Moving up to around £200 gave me duplex printing on six of the seven printers I selected, and print speeds in the upper 20s. These are more workhorses than the cheaper desktop printers, with paper trays holding 250-300 sheets, compared with just 150 for the cheaper models. The HP and Epson AcuLaser have a flip-out 50 sheet "multi-purpose" tray, which is extremely handy for printing onto a small batch of printed stationery, for example invoices, or the occasional envelope.

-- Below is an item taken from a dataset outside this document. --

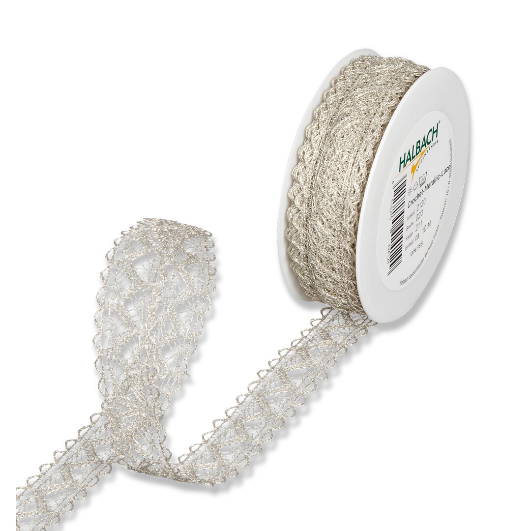 Metallic-Häkelspitze, silber, 20 mm

Others just have a by-pass slot that requires you to manually feed in individual sheets.
Push the budget to £300 and you have serious workgroup printers like the OKI B6200n with a 1,500 sheet paper tray with 24ppm and 1,200dpi and a monthly duty cycle of 50,000 - 99,999 pages - tempting, but not really a desktop unit.

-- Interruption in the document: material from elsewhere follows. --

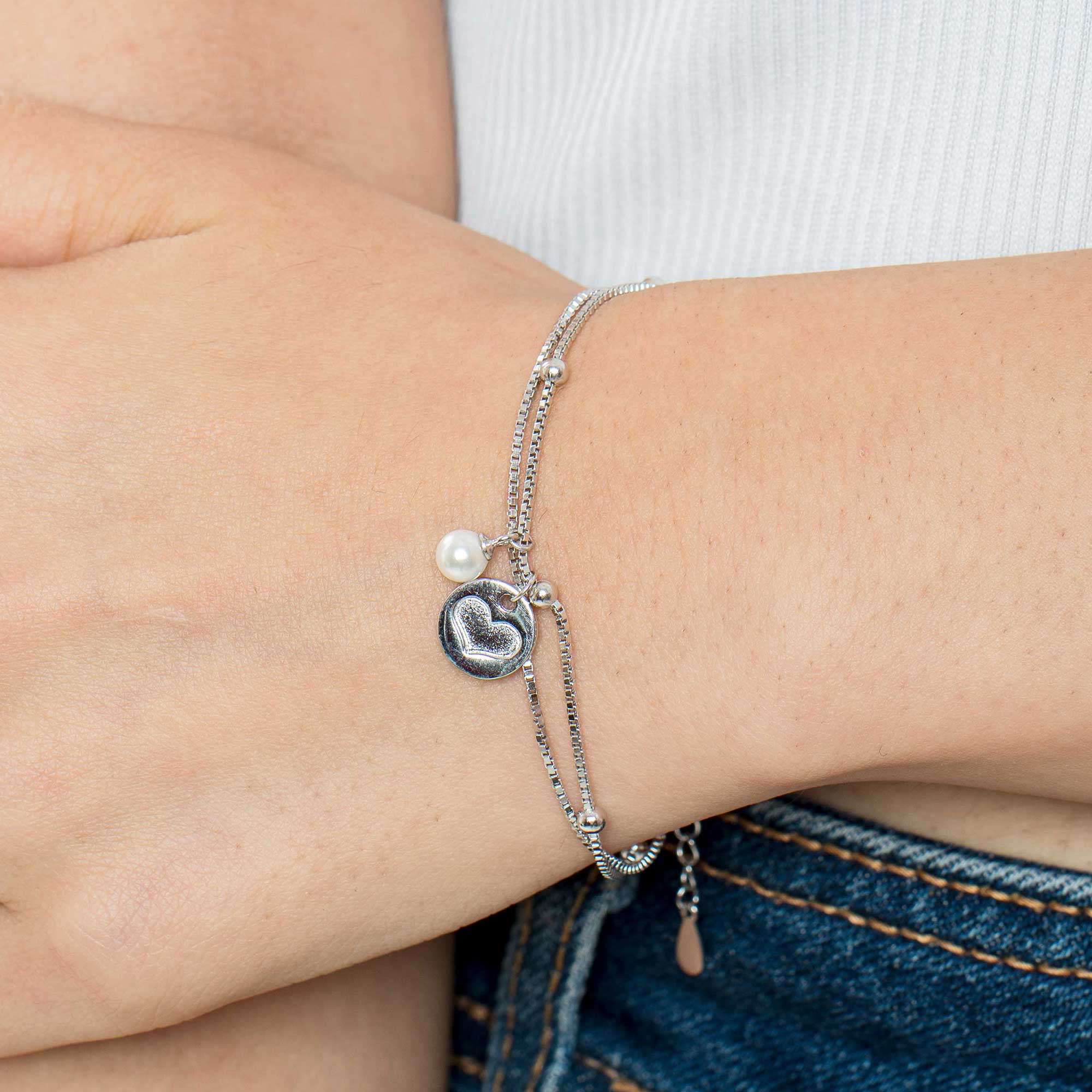 The Lovira Heart Circle Bracelet is a delicate and feminine piece crafted from luminous 925 sterling silver. It features a central silver circle charm detailed with a subtle heart print engraving. This focal point is gracefully flanked by one or more elegant, smooth pearls, offering a harmonious blend of romantic motif and classic charm.

Getting back to earth, the HP P2015 is recommended for print volumes of 750 to 3000 pages per month, which suits me, and in addition we already have a couple of these in the office so we don't need to carry a huge number of different toner cartridges in stock. But is it the most economical to run?
Calculating costs in use
Print cost is harder to ascertain. There's no information on printer cartridge cost or capacity on Dab's website, but it is listed against each toner cartridge on the manufacturer's website. The P2015 cartridge is good for 3,000 standard pages, calculated in accordance with the ISO/IEC 19752 standard, which gives a cost per page of just 1.3p, or just over 1p with the high-capacity cartridge - both well below my 2p per page target. Cartridges for the OKI B6200n are much more expensive - presumably because they hold more toner as the printer is designed to cope with much higher volumes - but still work out at 1.25p per page based on the (less reliable) manufacturer's estimate, based on 5% per page coverage.
Conclusion - the continuity choice
I went for the HP P2015. It does what I need it to do, I got a good price, and we already have a stock of toner cartridges. The flip out second tray is ideal to print a stack of invoices, and print speed is quite acceptable for large sets of accounts or tax returns.